Si même les initiatives échouent à faire bouger les choses, sommes-nous impuissants face aux systèmes ?

Non, même si on en a souvent l'impression. Beaucoup de gens se rendent compte que quelque chose ne va pas ou qu'on profite d'eux. Et c'est là que se révèle le côté obscur de l'individualisation, avec cette réticence à aborder les grands sujets ensemble et à lutter collectivement pour le changement. Nous, qui avons notre humanité en commun, devons avoir le courage d'explorer ensemble de nouvelles voies et d'introduire de véritables changements. 

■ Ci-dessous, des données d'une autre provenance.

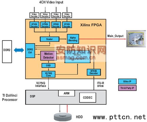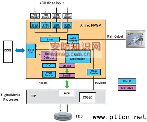 主頁(http://www.130131.com):視頻監(jiān)控系統(tǒng)采用FPGA實現(xiàn)視頻處理 【中國集群通信網(wǎng)】視頻監(jiān)控系統(tǒng)在火車站、機場、銀行、娛場、樂商場甚至家庭的安保方面都是一種關(guān)鍵設(shè)備。隨著安全風(fēng)險的日益增大,在各種應(yīng)用場合對已發(fā)事件進行視頻監(jiān)控和記錄的需求都在逐步上升,這就要求視頻監(jiān)控系統(tǒng)的新結(jié)構(gòu)必須具備可擴展性,以便為日益多樣化的視頻監(jiān)控需求提供高性價比的解決方案。在視頻監(jiān)控系統(tǒng)結(jié)構(gòu)所面臨的眾多挑戰(zhàn)中,上市時間壓力、CODEC新標(biāo)準(zhǔn)的出臺和需求范圍的不斷擴大(包括高級目標(biāo)檢測、運動檢測、目標(biāo)跟蹤和目標(biāo)跟蹤功能) 還只是其中的一小部分。要應(yīng)對這些挑戰(zhàn),視頻監(jiān)控系統(tǒng)的實現(xiàn)就必須能根據(jù)不同性能要求而進行相應(yīng)調(diào)整。 Xilinx的 FPGA產(chǎn)品是各種視頻監(jiān)控系統(tǒng)理想的解決方案,不論它是低端系統(tǒng)還是高端系統(tǒng),是獨立系統(tǒng)還是PC擴展卡系統(tǒng)。 視頻監(jiān)控與DVR系統(tǒng) 高級數(shù)字視頻壓縮技術(shù)在視頻監(jiān)控系統(tǒng)的數(shù)字錄像機(DVR)中正得到快速普及。隨著大多數(shù)DVR制造商從MPEG4轉(zhuǎn)為采用H.264 高清(HD) CODEC,對提高分辨率和壓縮率的要求也變得更急切。專用標(biāo)準(zhǔn)產(chǎn)品(ASSP) 比較適合量大的應(yīng)用,但缺乏靈活性,而且開發(fā)時間過長,成本也高。大多數(shù)高級數(shù)字媒體處理器連實現(xiàn)H.264 HD解碼都比較困難,何況H.264 HD編碼比解碼還復(fù)雜得多。因此,要滿足H.264 HD的性能要求,最佳方案就是采用一塊FPGA加一塊外部DSP或數(shù)字媒體處理器。 采用低成本的Xilinx FPGA產(chǎn)品還能進一步提供運動檢測、視頻量化、色域轉(zhuǎn)換(color-space conversion)、硬盤接口、DDR2存儲器接口等功能,以及將兩個27MHz的 ITU-R BT656數(shù)據(jù)流通過時分復(fù)用合為一路54MHz的數(shù)據(jù)流,同時為DSP處理器提供視頻加速。將兩個ITU-R BT656數(shù)據(jù)流復(fù)用為一個之后,系統(tǒng)只需單通道的視頻端口就能獨立傳送整個雙通道的視頻數(shù)據(jù)。這種實現(xiàn)方式在連接只有一個ITU-R BT656視頻輸入端口的數(shù)字媒體處理器時非常實用。圖1所示就是上述推薦系統(tǒng)的結(jié)構(gòu)框圖。 ![]() 圖1:利用FPGA和數(shù)字媒體處理器搭建的視頻監(jiān)控系統(tǒng)。 對采用只有單個ITU-R BT656視頻輸入端口的TI達芬奇處理器的DVR設(shè)計而言,更高效 的實現(xiàn)方案是在數(shù)據(jù)流送入達芬奇處理器之前,將兩個以上的ITU-R BT656數(shù)據(jù)流時分復(fù)用為單個VLYNQ數(shù)據(jù)流。這種方案減少了用于視頻數(shù)據(jù)流傳輸?shù)腎/O管腳,因而縮小了器件的封裝,降低了系統(tǒng)成本。圖2所示為該設(shè)計的框圖。 ![]() 圖2:利用FPGA和達芬奇處理器搭建的視頻監(jiān)控系統(tǒng)。 PC擴展卡形式的DVR系統(tǒng) PCI總線在PC機上已成功應(yīng)用了10余年。但今天的PC擴展卡DVR系統(tǒng)所要求的帶寬已遠遠超出了PCI總線所能提供的極限。 未壓縮的視頻(在除去空白幀之后)數(shù)據(jù)率約為165 Mbps。于是,當(dāng)PCI總帶寬為1 Gbps時,一條PCI總線上最多可同時連接6個發(fā)送未壓縮視頻的捕捉或回放設(shè)備。為降低總線帶寬的占用,可以在擴展卡上采用一塊MPEG4或 CODEC芯片組,但這樣會提高成本,而且可選器件也局限于現(xiàn)有的MPEG4芯片組。 PCI Express (PCIe)技術(shù)在流量上有了很大提高。PCI Express可以細分為多個通道,每個通道在出和入上均包含一對差分對,每對差分對支持2 Gbps的數(shù)據(jù)流量。一塊主板上的每個PCIe插槽都有自己的通道,這些通道是不與其他插槽共享的。每個插槽可配置為16通道(即x16)、8通道(x8) 、4 通道 (x4)或 1通道 (x1)。因此,每塊采用PCIe總線的擴展卡可提供的數(shù)據(jù)流量從2 Gbps(配置為x1通道時)到32 Gbps(配置為x16通道時)。PCIe所支持的高數(shù)據(jù)流量讓我們不再只局限于每卡連接6通道的未壓縮視頻。 (中國集群通信網(wǎng) | 責(zé)任編輯:陳曉亮) |

Comment concrétiser nos valeurs ?

Je pense que la plupart des gens désirent une société dans laquelle chacun se sente respecté, apprécié et pris en compte. La clé réside dans le dialogue. Cela nous permet d'une part de trouver des personnes qui partagent nos idées et d'autre part de mieux comprendre celles qui ont un autre avis. On peut ainsi parler de ce qui est vraiment important pour nous. On sait par exemple que les travailleurs comprennent mieux les décisions de leurs supérieurs lorsqu'ils sont impliqués dans le processus décisionnel. Et inversement, je vois que de nombreux employeurs font preuve d'une grande compréhension pour les préoccupations de leurs employés. Lorsque nous avons établi nos valeurs et que nous avons identifié ce qui est vraiment important pour nous, il nous faut trouver la manière d'appliquer cela concrètement (dans le monde du travail). C'est ainsi que nous avons, par exemple, intégré la prise en compte des plus faibles dans les modèles de préretraite. La solidarité devient alors concrète. Lorsque nous y parvenons, à petite échelle ou à l'échelle de la société tout entière, nous contribuons, ensemble, à faire en sorte que les systèmes et les institutions soient réellement au service des gens.